社会标签在网页推荐中的应用

李慧倩; 夏粉; 曾大军; 王飞跃; 毛文吉

摘要: 实用价值和应用前景
社会标签系统作为Web2.0技术的典型应用，越来越受到来自用户、企业和研究者的重视。用户在社会标签系统中，用户可以用一个字或词来描述网页、图片或者视频，因此标签为网上的内容提供了更多的信息。另外，标签信息也能反应出用户的爱好。因此，无论是互联网行业还是研究者们都认为，标签在辅助网络资源共享、信息检索、知识发掘等应用领域具有潜在的重要价值。

创新点
近几年，标签数据的研究者们发现，网上很大比例的标签都是噪音、错误拼写和没有语义的符号等，而且不同的标签实际上是语义上相似或相同的词，从而降低了标签的可用性。基于以上问题，研究者们提出了标签数据应用中的技术难点：如何利用具有语义相似性的标签来帮助信息检索。

在本文中，我们基于已有的工作系统性地探讨了如何利用标签数据的语义特性和用户浏览行为改进推荐算法。
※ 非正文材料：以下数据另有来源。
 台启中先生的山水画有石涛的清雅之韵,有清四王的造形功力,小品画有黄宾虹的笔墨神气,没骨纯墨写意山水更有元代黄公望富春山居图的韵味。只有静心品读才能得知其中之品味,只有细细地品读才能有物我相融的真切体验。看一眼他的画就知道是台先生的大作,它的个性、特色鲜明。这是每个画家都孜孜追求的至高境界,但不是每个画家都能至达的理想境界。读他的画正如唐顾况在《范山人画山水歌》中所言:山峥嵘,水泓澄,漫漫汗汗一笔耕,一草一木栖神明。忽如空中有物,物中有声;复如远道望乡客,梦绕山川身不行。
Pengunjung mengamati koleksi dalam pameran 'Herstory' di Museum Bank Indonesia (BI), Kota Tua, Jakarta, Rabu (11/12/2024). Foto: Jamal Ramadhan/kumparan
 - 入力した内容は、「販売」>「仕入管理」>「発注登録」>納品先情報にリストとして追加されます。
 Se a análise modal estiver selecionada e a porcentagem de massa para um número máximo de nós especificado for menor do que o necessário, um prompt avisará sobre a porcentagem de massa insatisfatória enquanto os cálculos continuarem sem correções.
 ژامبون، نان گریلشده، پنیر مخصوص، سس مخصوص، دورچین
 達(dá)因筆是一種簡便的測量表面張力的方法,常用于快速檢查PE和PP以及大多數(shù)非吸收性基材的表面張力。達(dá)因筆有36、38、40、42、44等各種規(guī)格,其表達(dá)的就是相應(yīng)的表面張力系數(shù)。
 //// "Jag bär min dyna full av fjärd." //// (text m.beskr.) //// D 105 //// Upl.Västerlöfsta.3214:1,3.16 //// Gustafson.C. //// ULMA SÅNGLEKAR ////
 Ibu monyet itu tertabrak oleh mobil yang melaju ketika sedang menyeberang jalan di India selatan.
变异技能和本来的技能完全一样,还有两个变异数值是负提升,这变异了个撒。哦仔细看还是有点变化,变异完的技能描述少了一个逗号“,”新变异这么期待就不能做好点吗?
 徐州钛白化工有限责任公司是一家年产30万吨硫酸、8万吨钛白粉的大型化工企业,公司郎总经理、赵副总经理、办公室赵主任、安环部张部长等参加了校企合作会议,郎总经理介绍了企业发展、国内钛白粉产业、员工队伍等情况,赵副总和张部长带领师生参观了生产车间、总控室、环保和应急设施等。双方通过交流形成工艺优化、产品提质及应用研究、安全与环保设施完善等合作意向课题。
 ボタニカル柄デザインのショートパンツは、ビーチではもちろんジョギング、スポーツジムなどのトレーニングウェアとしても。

我们从三个方面进行了探索：首先，我们讨论了如何对标签、用户和网页进行聚类，以建立其相似性和语义关系；其次，我们证明标签是否能够用来辅助信息检索，帮助用户定位到其感兴趣的产品；最后，我们讨论了用户在浏览网页寻找信息以及为资源打标签时的行为，及这些行为是如何在模型中被用来辅助推荐的。

实现方法
基于以上目标，我们提出了四个图模型。在模型中，用隐变量的方式为标签、用户和网页建立基于语义的聚类。模型可设定模型中变量，如用户、标签和网页，与类别之间的结构关系，从而模拟用户浏览网页和打标签的不同行为方式。我们基于以上模型，通过EM算法，估计了用户对其没有访问过的网页和标签的潜在兴趣，并将潜在兴趣最大的网页推荐给用户。通过对推荐准确度的分析，我们的模型可以对标签在推荐中的作用以及用户的真实浏览模式进行评估，从而合理精确地利用标签信息辅助用户信息获取。

结论及未来待解决的问题
通过在真实的数据上进行推荐，并与传统的协同过滤推荐方法进行比较，我们证明了标签系统在产品推荐中的有效性以及聚类的必要性，并通过模型间的比较论证了有效的用户浏览行为模型。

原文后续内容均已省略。